Changing Minds Through Empathy and the Values of Others | Robert Perez
Description
It’s possible to change someone’s mind on social and political issues - get this - not through argument, but through empathy and with their values.
In this deeply divided, polarized political situation we find ourselves in, Robert Perez is making change possible.
As Robert says, it requires listening and understanding someone’s values, experiences, and emotional needs, and then equipping them with the stories that connect with those values.
Robert acknowledges that it’s hard work, and yet it’s worth it because change is possible and it’s worth it.
Robert Perez, the Chief Exploration Officer at Wonder Strategies for Good, has been crafting strategic communications for social justice and progressive organizations for over 30 years. He’s been equipping people to arrive at a shared understanding of the solutions that make progressive social change happen.
In this episode, Robert shares his superpower of Heartwiring – the ability to identify the emotions, identity, lived experiences, values and beliefs of others whose support you need, and then craft messages that untie the psychological knots that people find themselves in.
As Robert explains, where there’s a little daylight between those factors, between what someone has been told to believe and what they’ve experienced and what they feel, that’s the space where change is possible.

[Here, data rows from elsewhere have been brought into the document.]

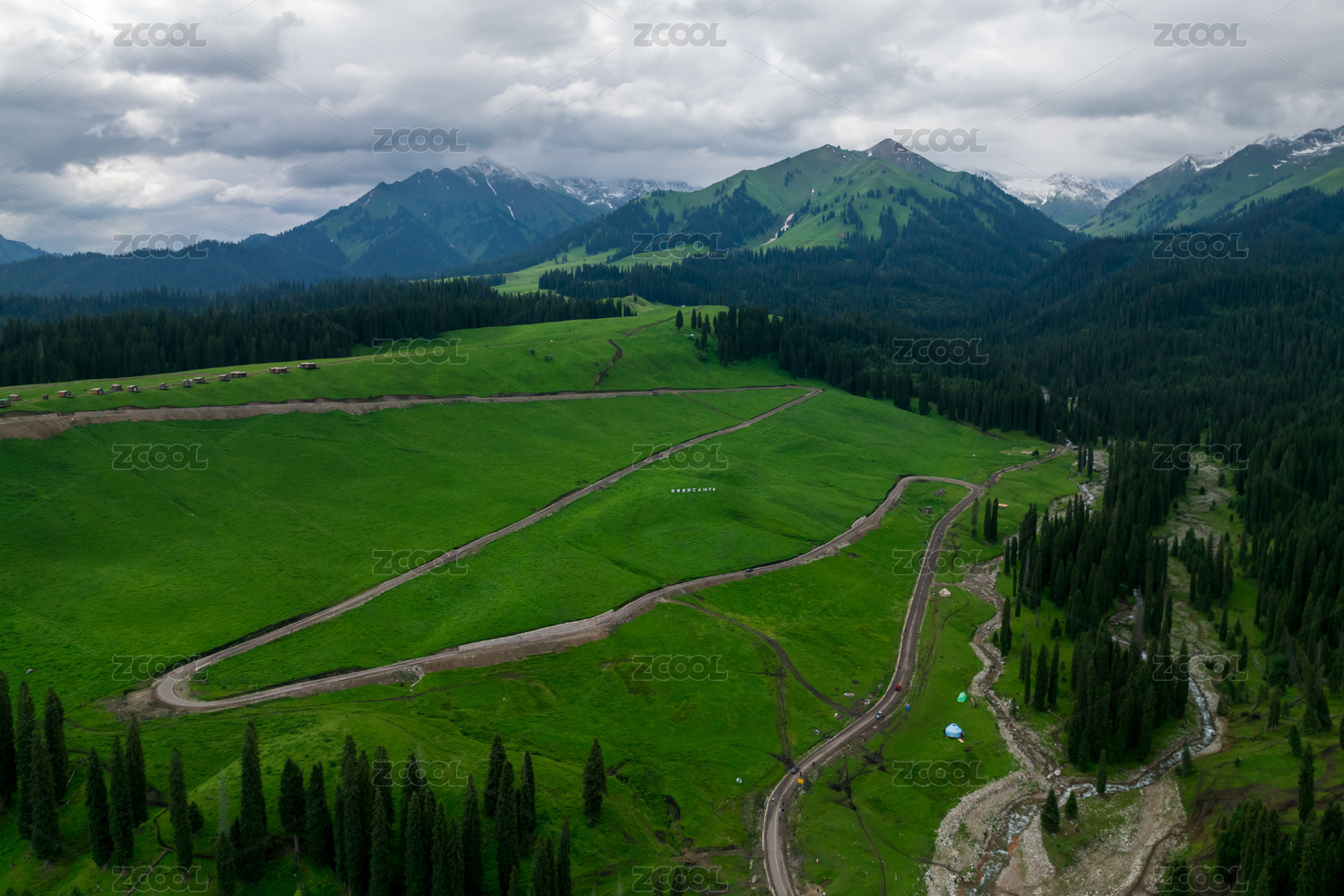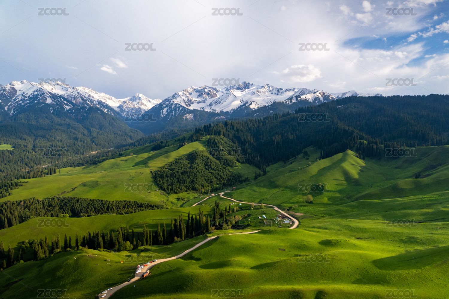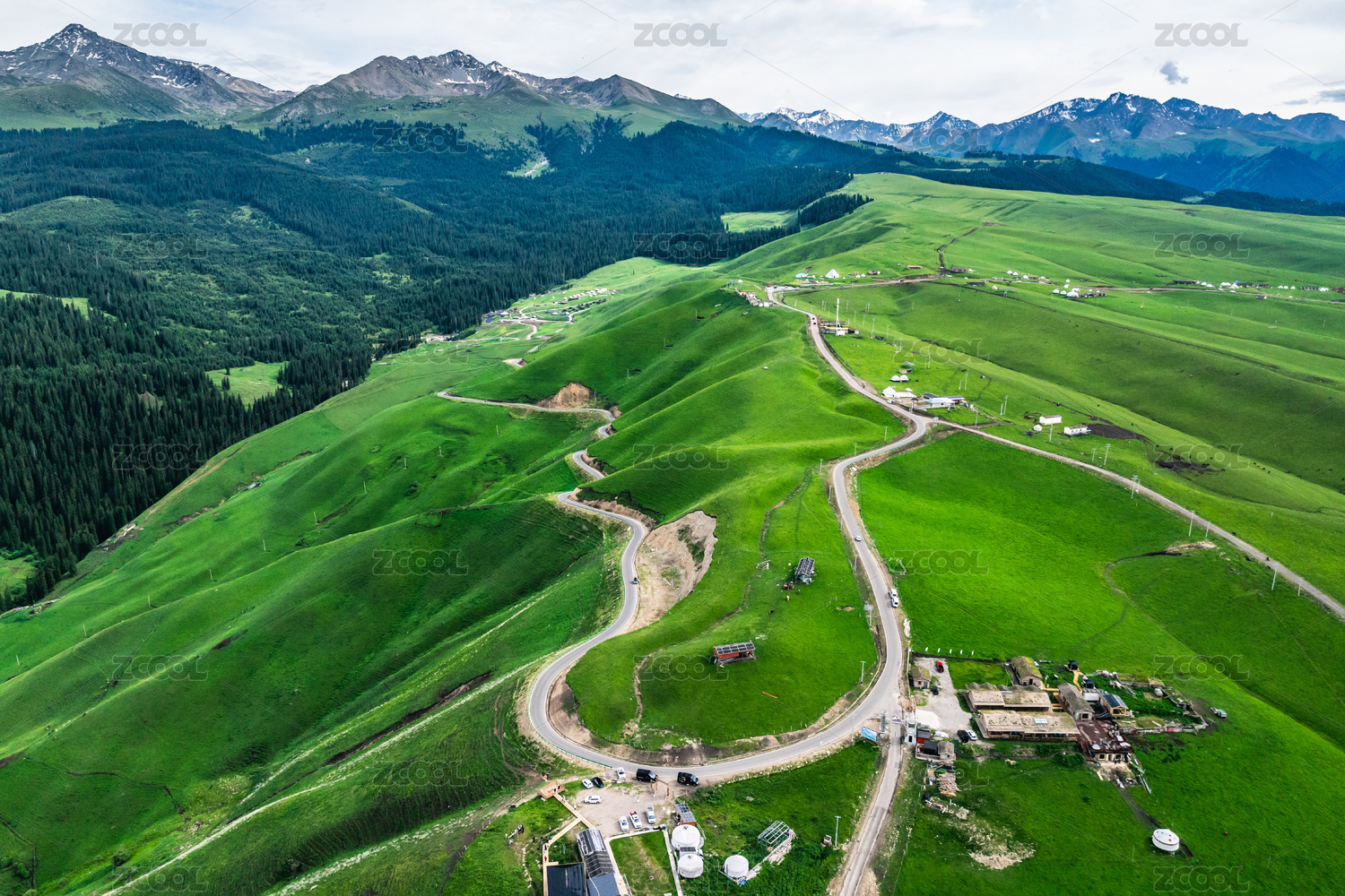 中国新疆伊犁恰西草原塔里木森林公路风光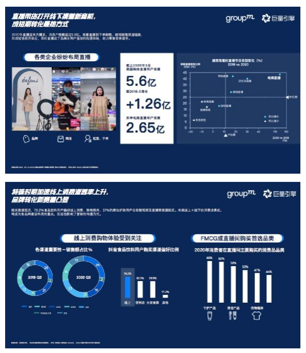 从媒介触点来看,疫情防控大背景下,这两个人群的线上消费进一步提升。相关数据显示:76.2%的食品饮料用户偏好线上消费;除电商外,37%的美妆护肤用户会在短视频及直播等渠道进行购买。快消品类更是直播间购买的首选品类。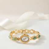 Clara – Goldene Uhr mit länglichem Zifferblatt.

“Heartwired” is a strategy guide that Robert and his colleague, Amy Simon, wrote in 2017 to help change makers better understand the audiences they are working with and how to build stories and messages that invite them to engage differently in the issues at heart.
In this episode, Robert answers the following questions:
- How do you change someone’s mind?
- How do you communicate with someone with different political views than you?

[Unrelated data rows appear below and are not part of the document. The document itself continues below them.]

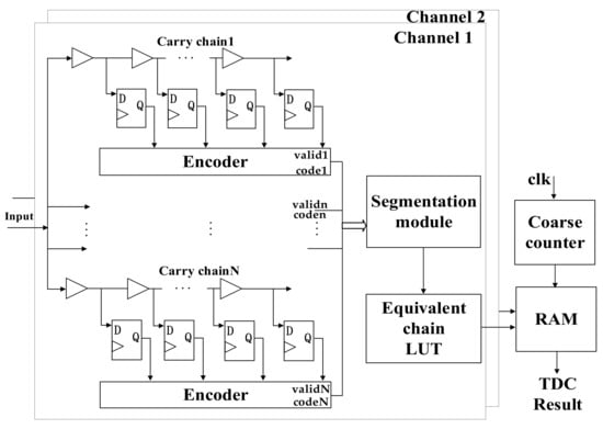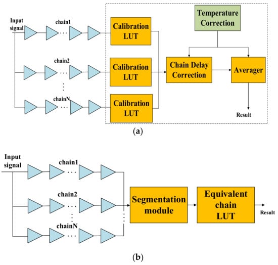 The multichain cross segmentation method is fundamentally different from the multichain measurements averaging method used in ref. [20]. It is mainly reflected in three aspects: resolution, architecture, and temperature coefficient. The block diagram of multichain measurements averaging is shown in Figure 14a. Multiple parallel chains are used to measure the input signal simultaneously, and the average of multiple measurements is taken as the final fine time. Theoretically, the resolution is improved by times, where N is the number of parallel chains. The block diagram of multichain cross segmentation is shown in Figure 14b. N chains are merged into an equivalent chain through mutual segmentation, which is equivalent to increasing the number of bins for interpolating one clock period, and the resolution is improved by N times. Secondly, the multi-chain measurements averaging method requires us to build calibration LUTs for each chain, and the delay between different chains also needs to be calibrated before averaging. On the contrary, the multichain cross segmentation method only needs one LUT for the equivalent chain, and the timestamp can be obtained directly without multitime measurements. Thirdly, the bin size of plain chain is affected by temperature variation, which cannot be reduced by averaging, so this architecture needs a corresponding calibration strategy. However, the bin size variation of plain chain due to temperature can also be segmented by other chains. After multichain cross segmentation, we can obtain an equivalent chain with fine granularity and uniformity bins. Therefore, the effect of temperature variation will be reduced significantly.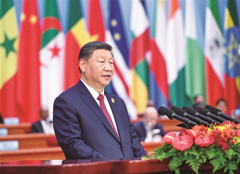 習近平強調,中國和非洲占世界總人口的三分之一,沒有中非的現代化,就沒有世界的現代化。未來3年,中方愿同非方攜手推進現代化十大伙伴行動,深化中非合作,引領全球南方現代化。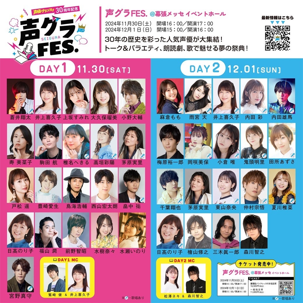 また、30周年を迎える『声優グランプリ』は、11月30日(土)、12月1日(日)に千葉・幕張メッセイベントホールにて記念イベント『声グラFES.』を開催。声優グランプリを盛り上げてきた超人気声優陣がトークと朗読とライブで競演する。ライブではコラボ曲にも注目だ。こちらのイベントチケットも好評発売中。

- What are the factors that change someone’s position?
- What is the role of empathy in political discourse?
My favorite quote from the episode: “We equip people to arrive at a shared understanding of the solutions that will move us forward.”
What I know to be true about the episode: I love how Robert’s superpower is a combination of what several guests have talked about, from Corinna Calhoun’s “Rewriting Inner Narratives” and Kevin Jones’ “Curiosity,” to Nicholas Whitaker’s “Art of Listening” and Asli Aker’s “Awareness,” this feels like the Justice League or the Avengers where multiple guests can come together and activate their superpowers for a better world.

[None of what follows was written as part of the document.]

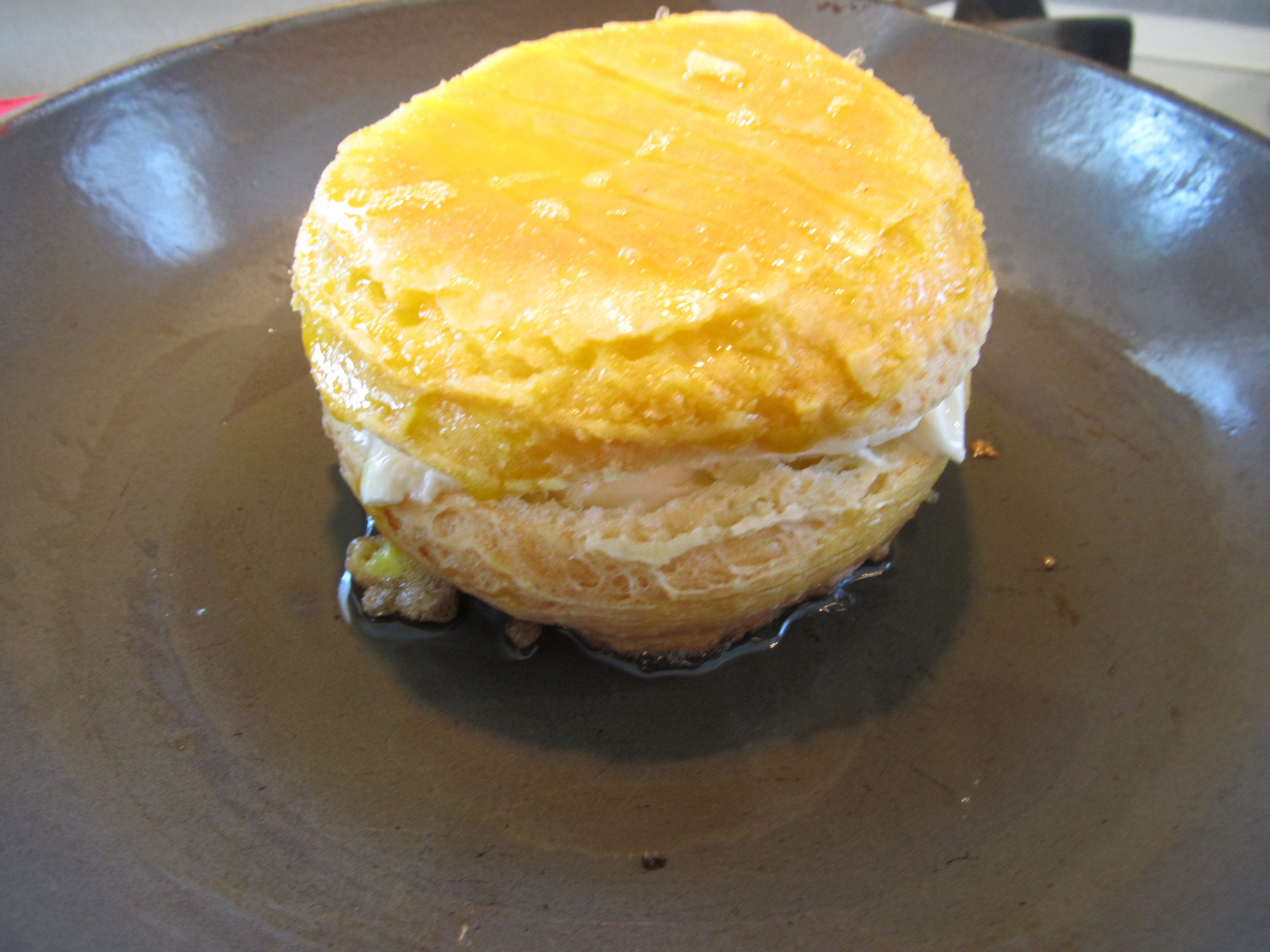 Warm a heavy bottomed fry pan on medium heat. Add two teaspoons of olive oil, allow the oil to heat up for a few moments. Place one half of the roll, egg bathed side down, in the hot oil.

What I learned from the episode: Relearning is learning, right? If Robert can go into focus group after focus group, interview after interview, survey after survey, and have to steep in some deeply narrow-minded and hateful rhetoric, and come away still believing that change is possible and these people are redemptive and worthy of love, I should be able to have love, empathy, compassion, and patience for those who hold very different opinions as I do.
Resources mentioned in the episode:
- Robert’s company: Wonder: Strategies for Good
- Heartwired for Change – a strategy guide for making change:
- “Caste: The Origins of Our Discontents” by Isabel Wilkerson
Music in this episode created by Ian Kastner.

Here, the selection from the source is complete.